Tourists inspect a non la in Hue City.
Traditionally, the conical hat is a sun safe device protecting people from the scorching heat or the tropical rains that often occur in Vietnam, so it often appears on heads of cyclists, people working the rice fields or rowing a boat, sweating vendors selling fruit on the street or dancers on stage. They are extremely lightweight, resistant and plaited with palm leaves.

However, in Hue, the conical hat has existed for a long time not only as a sun safe device but also as traditional jewelry depicting hidden charms and simplicity of Vietnamese women. Therefore, they are made a bit differently than regional conical hats, thinner and lighter and more artistic. “Hue conical hat is also plaited with palm leaves but thinner and its stitches are tinier and more gentle. Especially, artisans weave typical images of Hue such as Thien Mu Pagoda, Trang Tien Bridge or even poems into the hat and make it distinct,” said a local artisan identified as Quyt. As decorated with poems, Hue’s non la is also called non bai tho.

However, those poems and other images of ancient pagodas or bridges are not being seen clearly, but fancifully under the sunlight. And those vague images are meant to present shyness and profoundness of Hue ladies.

Today, in the modern society, the conical hat is not used as widely as before.
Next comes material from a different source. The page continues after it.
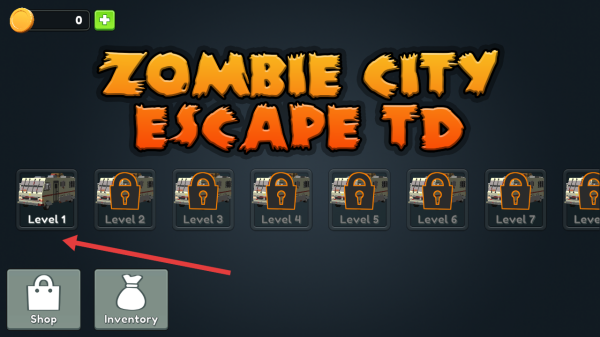 1、點(diǎn)擊ZOMBIE CITY ESCAPE TD主界面Level1,進(jìn)入第一關(guān)塔防地圖,準(zhǔn)備部署防御工事阻擋僵尸進(jìn)攻。

However, Hue locals still preserve the traditional craft as an indigenous cultural feature at Huong Village on Huyen Tran Cong Chua Street, near Tu Duc Momentum.

Recently, many souvenir shops have grown up at the village.

Coming here, tourists not only can contemplate Hue’s conical hat but can also witness the progress of making a non la.

Quyt has to find and cut palm leaves and spread them onto the ground to dry. She wakes early to make the leaves straight in the dry season when the temperature can make the leaves curved. The next step for the artisan is to whittle bamboo sticks into rounds and then plait the leaves as the shape of the bamboo frame and weave them together. So, to make a conical cat, an artisan needs about three days.

Each conical hat is a work of arts, requiring perseverance, dexterity and diligence.